Citation245 P.3d 30,2010 MT 268,358 Mont. 384
PartiesSTATE of Montana, Plaintiff and Appellee, v. Stanley D. DETHMAN, Defendant and Appellant.
CourtMontana Supreme Court

For Appellant: Colin M. Stephens, Smith & Stephens, P.C., Missoula, Montana.

For Appellee: Steve Bullock, Montana Attorney General, Sheri K. Sprigg, Assistant Attorney General, Helena, Montana, Lewis Smith, Powell County Attorney, Deer Lodge, Montana.

Justice PATRICIA O. COTTER delivered the Opinion of the Court.

¶ 1 Stanley D. Dethman (Dethman) appeals from a jury verdict in the Third Judicial District Court, Powell County, convicting him of assault on a peace officer and resisting arrest. We affirm.

ISSUES

¶ 2 A restatement of the issues on appeal is as follows:

¶ 3 1. Did the District Court abuse its discretion when it denied Dethman's motion for substitution of counsel and allowed Dethman to proceed pro se?

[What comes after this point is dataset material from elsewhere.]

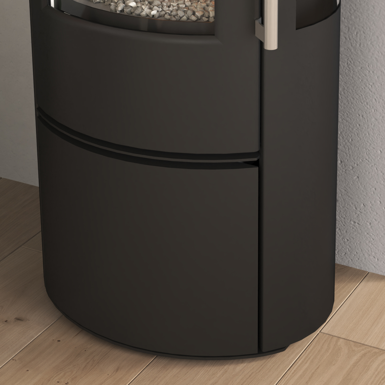 - Geschlossenes und sicheres Fach unterhalb der Brennkammer für ein 5 Liter Kanister Ethanol
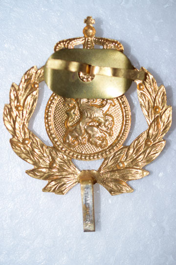Dutch Infantry officer's peaked cap emblem. Minty gilt emblem, showing the royal crown over a orange round badge with the Dutch rampant lion and a complete of a laurel wreath. This emblem is still in use for all ranks of Dutch infantry officers.

¶ 4 2. Did the District Court err by failing to include the full mens rea requirement for the crime of assault on a peace officer in the jury instructions?

FACTUAL AND PROCEDURAL BACKGROUND

¶ 5 Dethman was charged by Information with offenses of: Driving Under the Influence of Alcohol (DUI) in violation of § 61-8-401, MCA; Assault on a Peace Officer in violation of § 45-5-210, MCA; and Resisting Arrest in violation of § 45-7-301, MCA. Public Defender Ben Krakowka (Krakowka) was assigned to represent Dethman. At his arraignment on September 23, 2008, Dethman, appearing with Krakowka, pled not guilty to all three counts.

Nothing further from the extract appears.